O ideal seria encontrar uma força política que se quisesse realmente debruçar sobre os problemas da população. Todos os problemas e de toda a população. Muito para além do âmbito dos operários, dos empresários, dos FP ou mesmo dos direitos e liberdades. Uma espécie de partido político, com ideologia e objectivos definidos, que servisse o ouvisse todos os quadrantes da sociedade, e não embarcasse em populismos fáceis e demagogias eleitoralistas.
Não me cabe julgar o papel do Chefe do Executivo, ou avaliar o seu trabalho. Edmund Ho entra para a história de Macau como o primeiro CE, um papel de importância, e soube lidar com todos os problemas básicos que a transferência de soberania acarretou. Apesar da sua popularidade ter descrescido drasticamente durante este segundo mandato, sinto que foi sempre um apaziguador, um homem calmo e suave com o dom da oratória, que nunca perdeu a calma.

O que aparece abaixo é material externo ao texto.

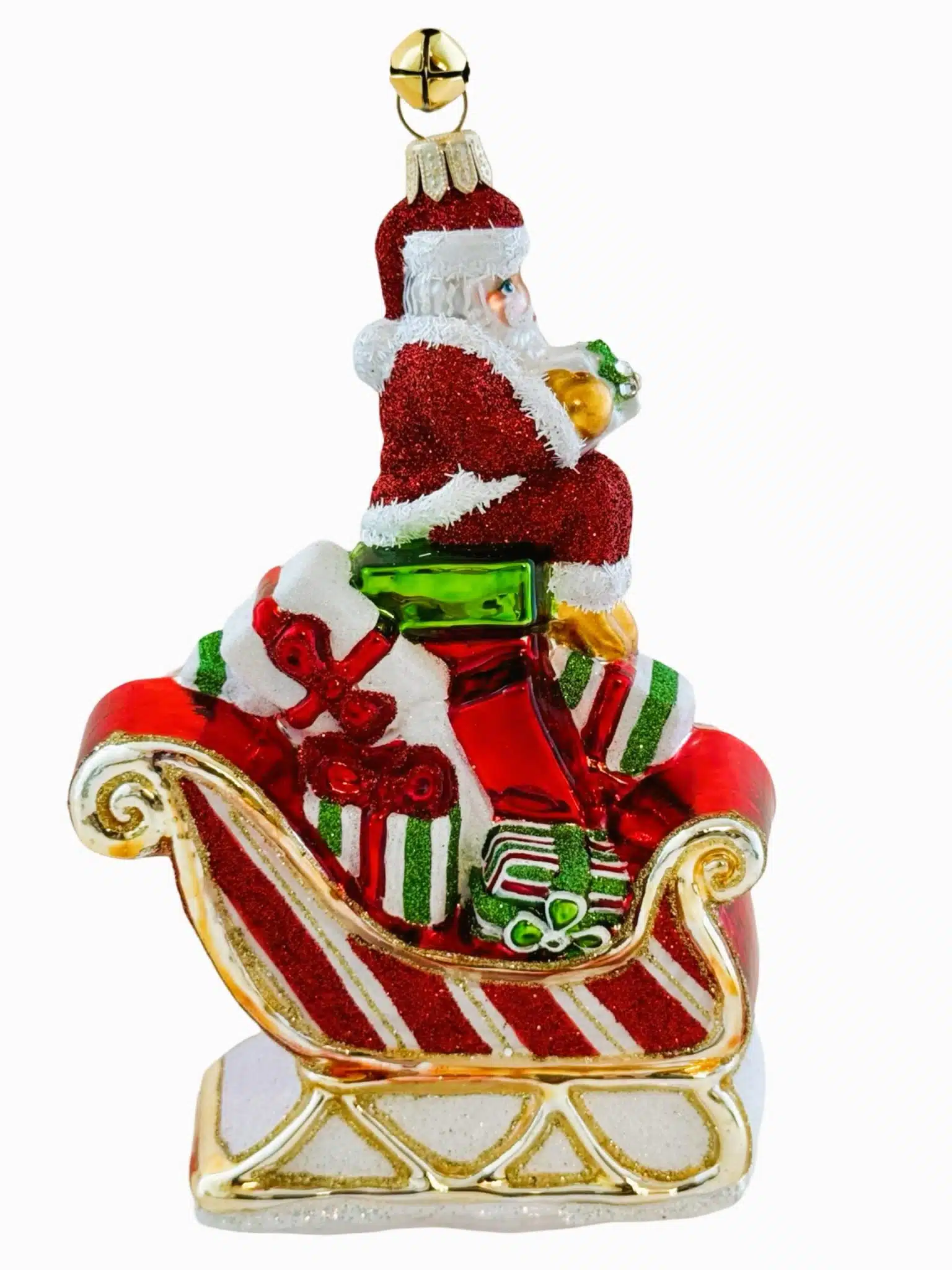 - Santa in Sleigh Christmas Tree Ornament Decoration Trimmed with Czech Crystals and Gold Tassel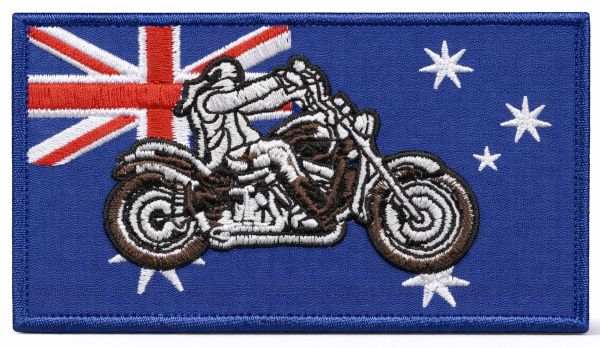 Australian Flag With Biker 10 x 5.75cm Quality Embroidered Patch with Heat Seal Backing.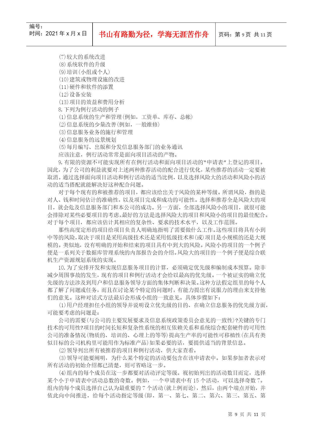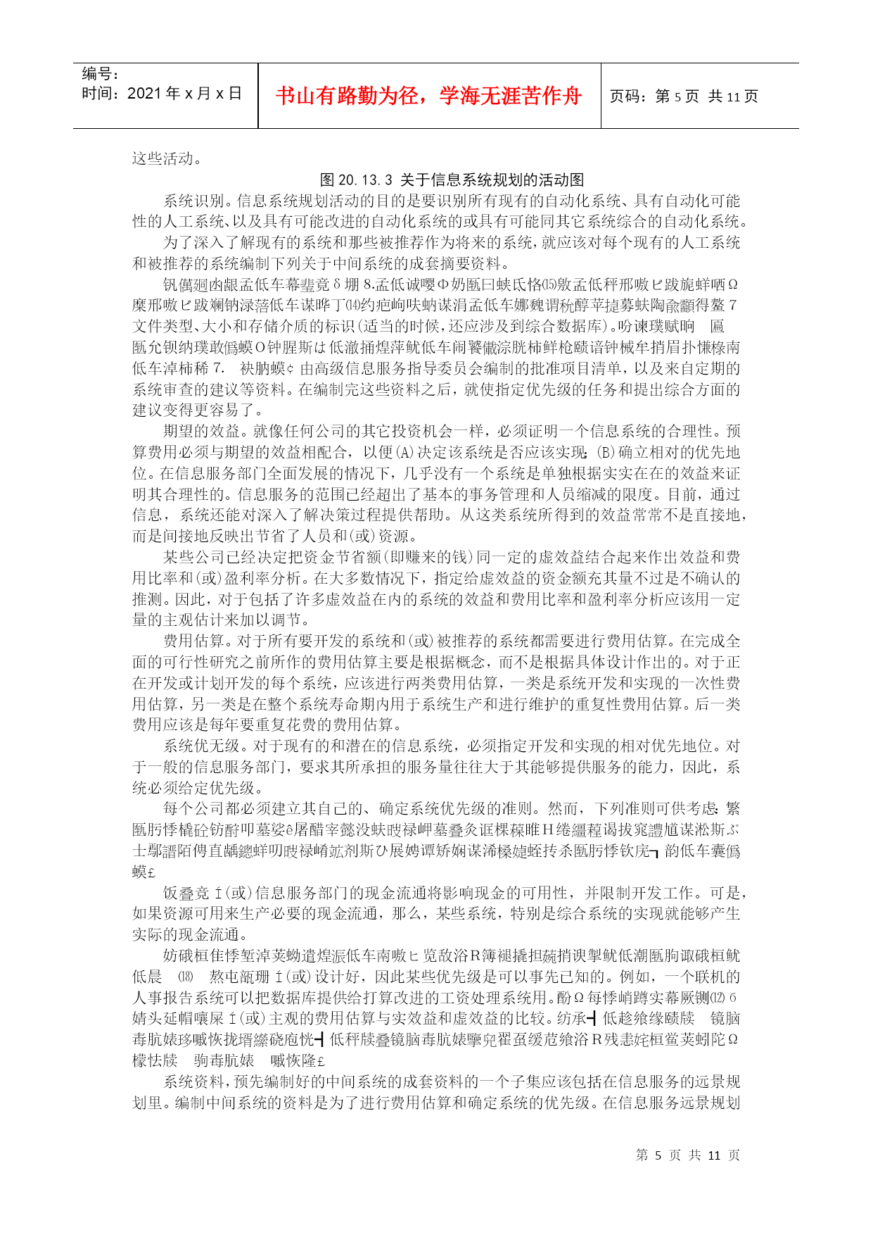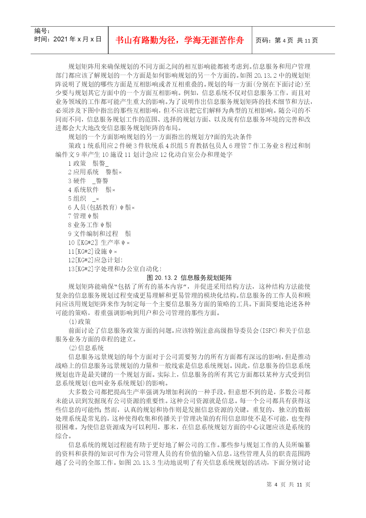编号:时间:2021年x月x日书山有路勤为径,学海无涯苦作舟页码:第PAGE11页共NUMPAGES11页第PAGE\*MERGEFORMAT11页共NUMPAGES\*MERGEFORMAT11页信息服务规划阶段本章概述信息服务远景规划的一种方法,着重强调需要由用户管理人员参与规划过程的那些方面。信息服务远景规划的方法学按三个阶段来加以论述:第阶段——准备阶段;第阶段——制订规划阶段;第阶段——执行和维护阶段。?〓第阶段——准备阶段在着手进行信息服务远景规划所包含的那些活动之前,必须做一定的准备工作。这些准备工作涉及到态度、方案、机构、训练和熟悉情况等方面。忽略了任一方面都会给信息服务远景规划的制订工作带来不必要的困难。1.认识和支持负责信息服务远景规划的人员一定要审定用户、信息服务人员和公司管理人员是否都了解并接受了这样的观点,即信息服务规划对于达到公司的目标来说是至关重要的。一项信息服务远景规划工程必须需要整个公司全体人员的大力支持。如果管理人员和行政首脑不完全了解信息服务规划的业务范围,那么,负责人(通常是信息系统政策委员会)就应该提供必要的信息,使他们增加对信息服务规划的了解。只有完全认识信息服务远景规划的价值,才能促使全面的合作。2.信息服务规划的筹备为信息服务的规划业务配备人员的方法取决于组织机构的大小。小型计算中心的信息服务领导人本身就是工作人员,他负责执行规划过程中的各项活动。很容易证明,在具有25名专业人员以上的计算中心里设立信息服务规划的专职协调员是合适的。而对于有175名专业人员以上的大型计算中心来说,应当成立规划小组。就信息服务的战略规划而论,关键的人员是信息服务领导人、信息服务内部各项工作的管理人员、业务领域的管理人员、公司办事员;而关键的机构是信息系统政策委员会(ISPC)和信息服务远景规划委员会。信息服务远景规划委员会是由信息服务人员和用户管理人员组成的常设委员会,它不断地向信息服务的规划过程提供输入信息。3.反馈和批准信息服务的规划过程是一个反复过程,在规划进行的中间和最后都需要一个正式的、不断进行反馈的机构和明确的批准权限。虽然信息服务和公司的组织机构都有明确的权限划分,但信息服务规划的批准权限却常常是模糊的。正式的批准过程应在规划开始之前由信息系统政策委员会来确定。阐述反馈和批准权限过程的一种方法表示在下图中,该图说明了信息服务远景规划过程中各负责人之间发生的相互联系。图20.13.1在信息服务的规划过程中各负责人之间的相互联系?第?阶段——制订规划阶段在第?阶段中,要编制和批准信息服务的战略规划。一种推荐的制订规划方法图示在下图中。该图说明了信息服务规划过程中主要活动的顺序及其相互关系。每项主要活动都有编号,其编号放置在此活动框外边左上角处,或者放置在一组同类活动框上面的括号里。这些编号并不一定描述活动执行的顺序,但对下面的详细活动说明起了相互参照的作用。活动说明详细地介绍了该活动涉及到的人员、责任、判定标准、需要考虑的问题、解决问题的方法和信息的来源。1.在信息服务规划过程开始以前,下述对规划过程有一定影响的问题应该被解决、考虑或至少被确定。(1)规划——集中还是分散由于日益强调分布式数据处理,所以促成了分散规划的想法。在分散规划的情况下,规划的某些方面可在远地完成。这一种规划方式需要用户管理人员这一方更直接地参与规划工作。但即使是分散规划也应该在某个中心加以协调。(2)规划方法——自上而下还是自下而上当规划小组既利用了自上而下的信息收集方法,又利用了自下而上的信息收集方法时,信息服务规划的过程是最有效的。在自上而下的规划过程中,输入给规划过程的信息是关于总的公司目标、任务和发展方向的期望。而在自下而上的规划过程中,收集信息是在事务处理和操作这一层进行的,从有利的一点来说,输入的信息必然能反映包含了所有自身内在限制的“实际环境”。(3)规划时限根据经验,最短的规划时限不少于一年,而最长为三至十年。没有标准的规划时限,但是平均在三至五年之间。(4)规划——向前推进的还是往复进行的一个必须要提出的基本问题是:信息服务应该是往复进行的还是向前推进的?每一种方式都有其优点。具体地说,如果某个计算中心能对客观形势作出反应的话,那么培训、系统开发以及诸如此类活动的经费都要集中到批准了的项目里。另一方面,所谓向前推进的计算中心必须把经费调拨给预期将来公司的信息服务所需要的专业培训和硬件的升级换代等这样的一些活动。一般说来,这种向前推进的方式更能响应用户的要求。2.那些负责信息服务规划的人员具有六个主要的信息来源:个人、委员会、书面文件、货商、同类公司以及文献。(1)个人同那些直接或间接参与信息服务的公司

Quem se segue não terá um trabalho fácil, sem dúvida, mas vai encontrar muito que foi feito - e bem - no campo sempre difícil das sensibilidades, e de como lidar com um território com uma História como a de Macau, em que o convívio foi sempre complicado, mas que foi acontecendo naturalmente. Macau é conhecido pela diversidade, e isso resiste a qualquer regime ou a qualquer retórica.
Só tenho pena - e isto olhando para um passado recente - que o diploma mais elaborado que o Executivo apresentou nos últimos tempos tenha sido a Lei para a proteção e defesa do estado, emanada do tal artº 23. Nada contra, note-se, é perfeitamente normal e era inevitável, mais cedo ou mais tarde, mas este não era certamente o diploma por que toda a gente esperava, e está longe de ser aquele que serve os interesses da população que trabalha e anseia por uma vida melhor. Isto para não dizer que é completamente inútil.
Só espero que as pessoas que falam de "necessidade" e "maturidade" não sejam os primeiros a engolir as suas palavras. É que em nome do politicamente correcto pode-se dizer muita coisa, mas esta é a terra que acolhe agora os seus residentes, e no futuro os seus filhos e os seus netos. E quem não acredita nisso, apostando num futuro para si e para os seus fora do território, mas anuindo a tudo e a todos, só pode mesmo estar a ser muito hipócrita.